[Exercise input — start]
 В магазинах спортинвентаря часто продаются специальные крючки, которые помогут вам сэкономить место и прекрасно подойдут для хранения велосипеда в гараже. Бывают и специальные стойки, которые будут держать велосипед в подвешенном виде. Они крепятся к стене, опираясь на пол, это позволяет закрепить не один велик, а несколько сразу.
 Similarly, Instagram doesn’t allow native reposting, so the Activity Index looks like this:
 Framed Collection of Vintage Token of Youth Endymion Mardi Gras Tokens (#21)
[Exercise input — finish]
[Exercise input — start]
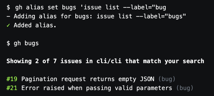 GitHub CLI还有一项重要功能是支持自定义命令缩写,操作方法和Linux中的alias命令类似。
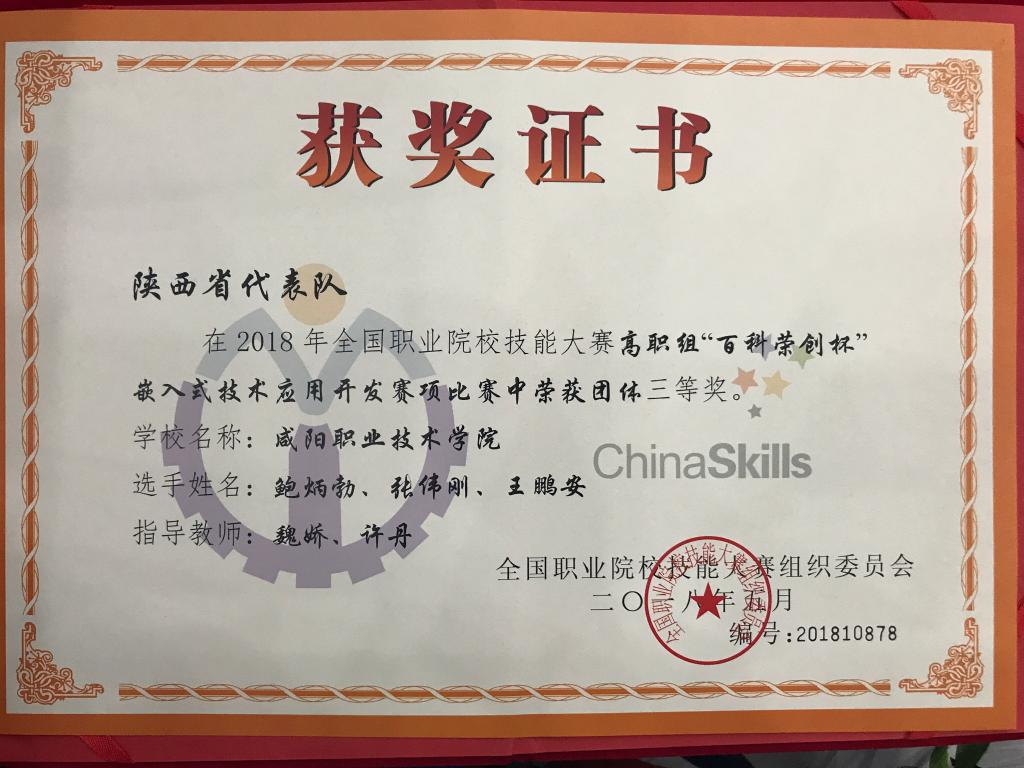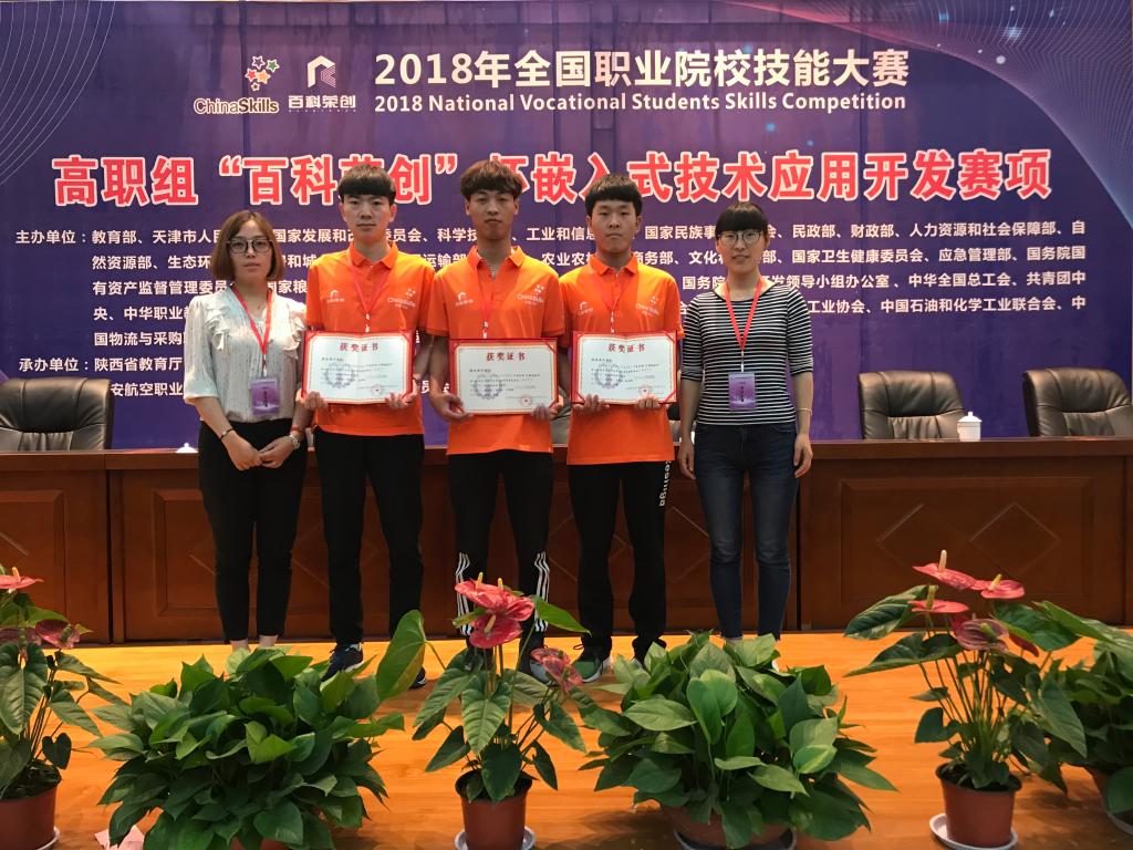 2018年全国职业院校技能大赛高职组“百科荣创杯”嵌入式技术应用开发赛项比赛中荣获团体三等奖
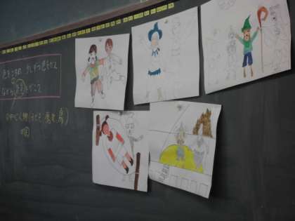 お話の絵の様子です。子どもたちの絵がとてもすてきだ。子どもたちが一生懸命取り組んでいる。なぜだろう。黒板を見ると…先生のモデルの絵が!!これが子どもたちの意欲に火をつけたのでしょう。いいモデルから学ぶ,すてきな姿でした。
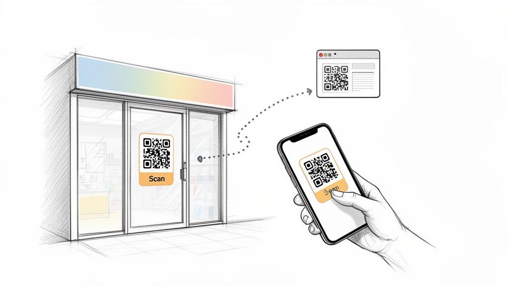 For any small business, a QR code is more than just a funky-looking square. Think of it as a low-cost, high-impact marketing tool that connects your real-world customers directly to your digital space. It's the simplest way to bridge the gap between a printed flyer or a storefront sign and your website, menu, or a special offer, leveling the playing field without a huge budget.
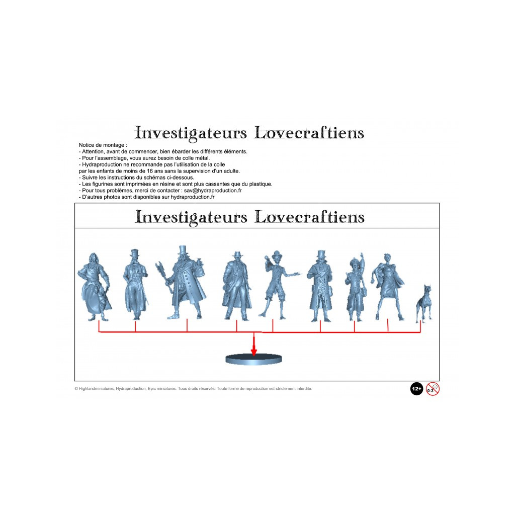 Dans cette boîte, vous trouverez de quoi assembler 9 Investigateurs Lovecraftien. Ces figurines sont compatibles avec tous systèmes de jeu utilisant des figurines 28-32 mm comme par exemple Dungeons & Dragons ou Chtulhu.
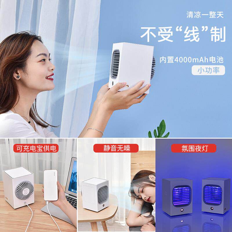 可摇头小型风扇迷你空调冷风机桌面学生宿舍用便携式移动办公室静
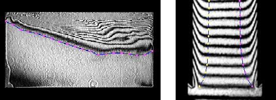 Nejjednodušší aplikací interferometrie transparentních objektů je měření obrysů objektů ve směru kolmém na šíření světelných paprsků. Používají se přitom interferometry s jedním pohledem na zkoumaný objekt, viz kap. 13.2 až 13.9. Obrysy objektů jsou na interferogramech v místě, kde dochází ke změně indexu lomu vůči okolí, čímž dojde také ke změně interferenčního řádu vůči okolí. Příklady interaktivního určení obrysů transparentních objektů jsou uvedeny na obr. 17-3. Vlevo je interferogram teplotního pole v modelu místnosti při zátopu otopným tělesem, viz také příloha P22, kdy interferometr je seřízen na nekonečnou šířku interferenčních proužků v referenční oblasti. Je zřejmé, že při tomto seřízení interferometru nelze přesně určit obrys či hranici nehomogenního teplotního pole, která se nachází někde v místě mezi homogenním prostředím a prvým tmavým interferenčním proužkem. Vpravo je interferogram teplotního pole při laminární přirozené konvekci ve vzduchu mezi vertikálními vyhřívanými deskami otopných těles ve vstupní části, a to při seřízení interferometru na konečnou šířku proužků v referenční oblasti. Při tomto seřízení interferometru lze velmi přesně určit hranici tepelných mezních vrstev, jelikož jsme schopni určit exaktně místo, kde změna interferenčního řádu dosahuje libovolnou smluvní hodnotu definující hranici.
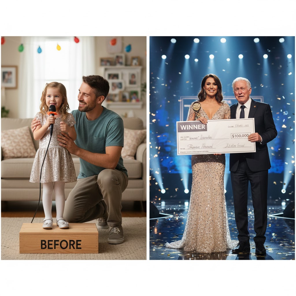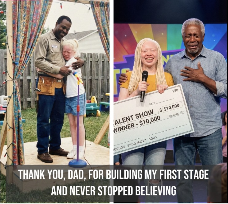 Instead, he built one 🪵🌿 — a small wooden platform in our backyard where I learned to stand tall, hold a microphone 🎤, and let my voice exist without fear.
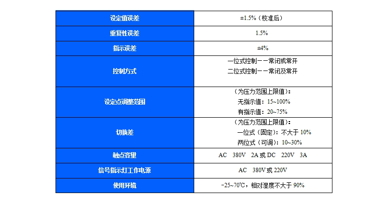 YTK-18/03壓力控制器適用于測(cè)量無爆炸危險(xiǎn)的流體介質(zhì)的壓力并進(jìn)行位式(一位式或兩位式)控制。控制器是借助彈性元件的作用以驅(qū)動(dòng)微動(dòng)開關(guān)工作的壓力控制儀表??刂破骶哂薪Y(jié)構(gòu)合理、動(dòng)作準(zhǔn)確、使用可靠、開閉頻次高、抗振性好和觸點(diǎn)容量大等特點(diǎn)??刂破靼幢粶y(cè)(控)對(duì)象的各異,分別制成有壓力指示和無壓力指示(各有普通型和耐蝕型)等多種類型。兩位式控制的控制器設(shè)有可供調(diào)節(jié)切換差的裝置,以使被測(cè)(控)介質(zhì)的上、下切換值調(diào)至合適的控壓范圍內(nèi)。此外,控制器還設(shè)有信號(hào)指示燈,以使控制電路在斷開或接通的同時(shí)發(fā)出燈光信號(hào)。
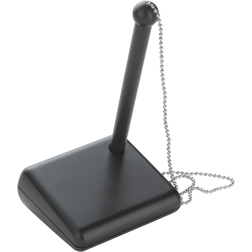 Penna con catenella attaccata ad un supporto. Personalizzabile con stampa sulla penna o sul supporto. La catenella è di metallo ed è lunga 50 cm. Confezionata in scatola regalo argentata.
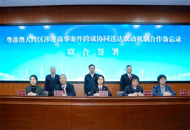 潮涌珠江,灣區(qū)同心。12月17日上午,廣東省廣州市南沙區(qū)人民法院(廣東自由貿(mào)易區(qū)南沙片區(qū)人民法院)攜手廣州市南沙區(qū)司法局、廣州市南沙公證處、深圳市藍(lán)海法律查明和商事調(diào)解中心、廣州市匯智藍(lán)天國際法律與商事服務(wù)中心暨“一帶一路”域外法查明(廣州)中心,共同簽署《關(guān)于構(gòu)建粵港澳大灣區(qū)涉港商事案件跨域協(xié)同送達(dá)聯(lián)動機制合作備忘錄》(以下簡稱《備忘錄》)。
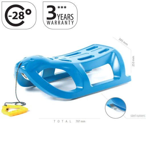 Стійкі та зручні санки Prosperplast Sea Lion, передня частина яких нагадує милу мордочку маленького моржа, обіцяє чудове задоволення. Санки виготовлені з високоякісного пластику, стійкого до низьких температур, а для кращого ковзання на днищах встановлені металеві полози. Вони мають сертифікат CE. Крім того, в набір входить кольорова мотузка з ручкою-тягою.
[Exercise input — finish]
[Exercise input — start]
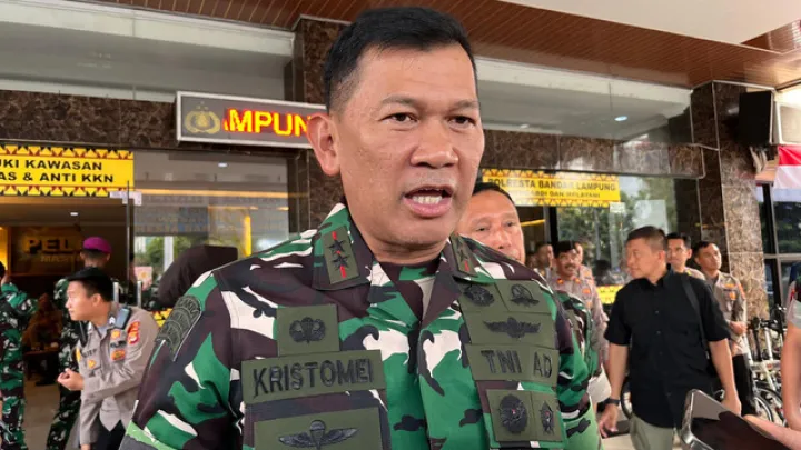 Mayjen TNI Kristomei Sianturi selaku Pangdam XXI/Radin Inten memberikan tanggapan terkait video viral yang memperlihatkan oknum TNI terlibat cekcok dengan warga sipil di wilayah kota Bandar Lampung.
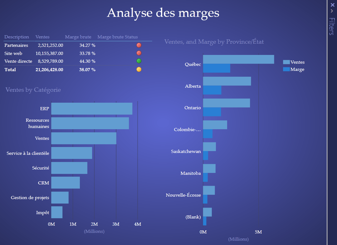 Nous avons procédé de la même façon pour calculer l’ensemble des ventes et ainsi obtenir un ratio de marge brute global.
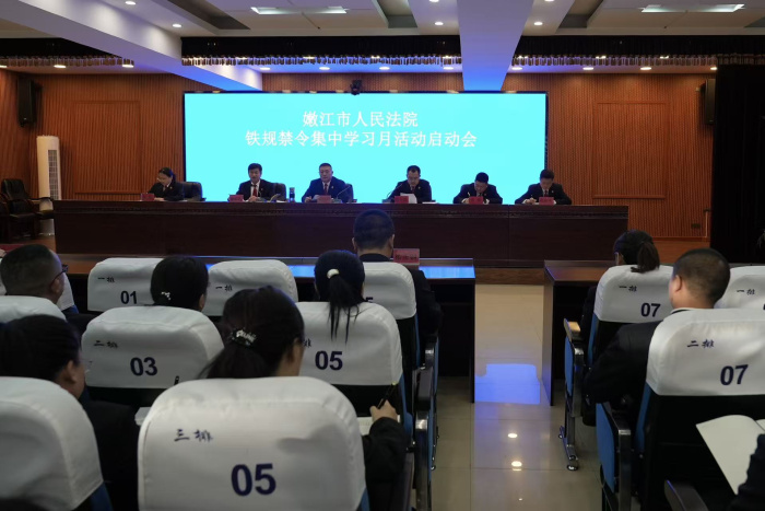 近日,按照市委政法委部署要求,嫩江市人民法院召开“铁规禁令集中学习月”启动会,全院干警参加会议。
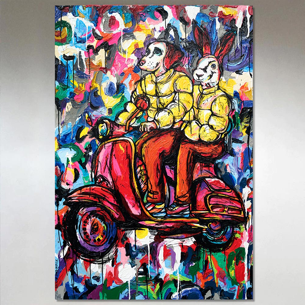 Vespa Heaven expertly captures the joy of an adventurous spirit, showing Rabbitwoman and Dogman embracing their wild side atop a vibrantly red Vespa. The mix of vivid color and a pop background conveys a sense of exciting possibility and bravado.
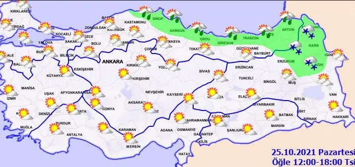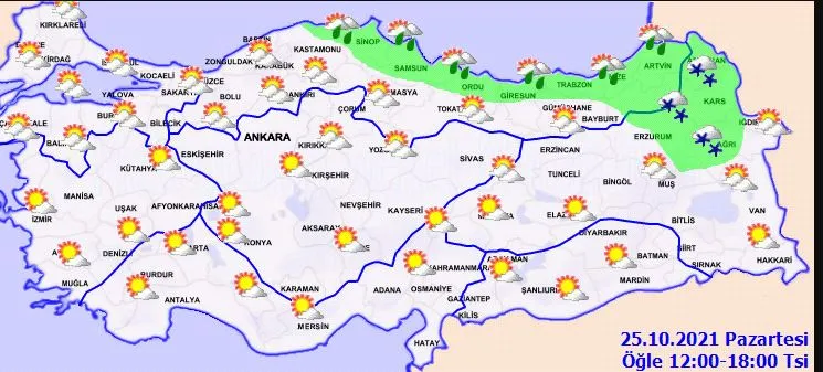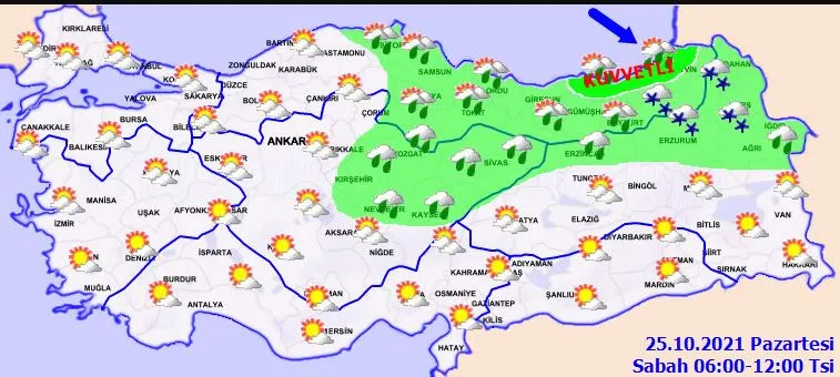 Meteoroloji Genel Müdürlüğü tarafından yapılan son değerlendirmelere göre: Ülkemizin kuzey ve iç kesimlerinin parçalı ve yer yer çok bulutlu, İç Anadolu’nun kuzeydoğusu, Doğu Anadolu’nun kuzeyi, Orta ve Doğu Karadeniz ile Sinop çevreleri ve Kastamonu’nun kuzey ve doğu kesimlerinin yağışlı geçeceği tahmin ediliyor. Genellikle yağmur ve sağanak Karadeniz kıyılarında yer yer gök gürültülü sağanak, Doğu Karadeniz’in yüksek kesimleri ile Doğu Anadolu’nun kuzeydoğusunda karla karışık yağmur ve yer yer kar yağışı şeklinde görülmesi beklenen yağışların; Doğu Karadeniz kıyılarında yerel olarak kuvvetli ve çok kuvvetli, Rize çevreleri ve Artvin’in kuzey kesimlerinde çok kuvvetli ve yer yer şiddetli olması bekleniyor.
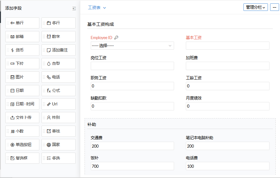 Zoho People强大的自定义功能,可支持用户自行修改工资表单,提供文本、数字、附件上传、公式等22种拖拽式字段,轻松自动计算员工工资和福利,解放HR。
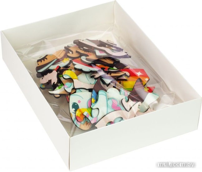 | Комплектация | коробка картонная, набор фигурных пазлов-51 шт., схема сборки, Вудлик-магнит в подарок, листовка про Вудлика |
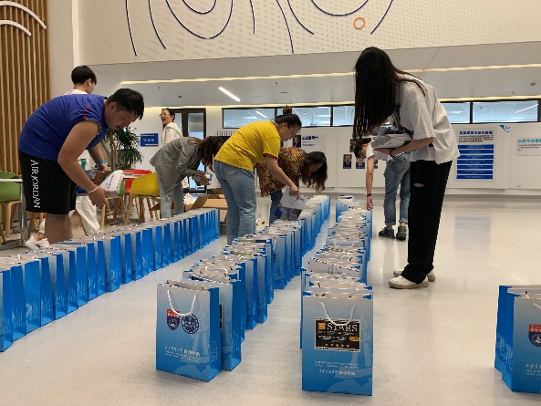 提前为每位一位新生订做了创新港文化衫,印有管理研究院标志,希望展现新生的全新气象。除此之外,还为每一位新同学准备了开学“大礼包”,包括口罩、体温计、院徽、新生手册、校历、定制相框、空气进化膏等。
[Exercise input — finish]
* [Problem requirements]: When you reach the line that has "Instead, he built" in the data above, start repeating lines exactly, and stop after the line that has "Стійкі та зручні"; pictures stay out.

* [Finished exercise]:
 Instead, he built one 🪵🌿 — a small wooden platform in our backyard where I learned to stand tall, hold a microphone 🎤, and let my voice exist without fear.
 YTK-18/03壓力控制器適用于測(cè)量無爆炸危險(xiǎn)的流體介質(zhì)的壓力并進(jìn)行位式(一位式或兩位式)控制。控制器是借助彈性元件的作用以驅(qū)動(dòng)微動(dòng)開關(guān)工作的壓力控制儀表??刂破骶哂薪Y(jié)構(gòu)合理、動(dòng)作準(zhǔn)確、使用可靠、開閉頻次高、抗振性好和觸點(diǎn)容量大等特點(diǎn)??刂破靼幢粶y(cè)(控)對(duì)象的各異,分別制成有壓力指示和無壓力指示(各有普通型和耐蝕型)等多種類型。兩位式控制的控制器設(shè)有可供調(diào)節(jié)切換差的裝置,以使被測(cè)(控)介質(zhì)的上、下切換值調(diào)至合適的控壓范圍內(nèi)。此外,控制器還設(shè)有信號(hào)指示燈,以使控制電路在斷開或接通的同時(shí)發(fā)出燈光信號(hào)。
 Penna con catenella attaccata ad un supporto. Personalizzabile con stampa sulla penna o sul supporto. La catenella è di metallo ed è lunga 50 cm. Confezionata in scatola regalo argentata.
 潮涌珠江,灣區(qū)同心。12月17日上午,廣東省廣州市南沙區(qū)人民法院(廣東自由貿(mào)易區(qū)南沙片區(qū)人民法院)攜手廣州市南沙區(qū)司法局、廣州市南沙公證處、深圳市藍(lán)海法律查明和商事調(diào)解中心、廣州市匯智藍(lán)天國際法律與商事服務(wù)中心暨“一帶一路”域外法查明(廣州)中心,共同簽署《關(guān)于構(gòu)建粵港澳大灣區(qū)涉港商事案件跨域協(xié)同送達(dá)聯(lián)動機制合作備忘錄》(以下簡稱《備忘錄》)。
 Стійкі та зручні санки Prosperplast Sea Lion, передня частина яких нагадує милу мордочку маленького моржа, обіцяє чудове задоволення. Санки виготовлені з високоякісного пластику, стійкого до низьких температур, а для кращого ковзання на днищах встановлені металеві полози. Вони мають сертифікат CE. Крім того, в набір входить кольорова мотузка з ручкою-тягою.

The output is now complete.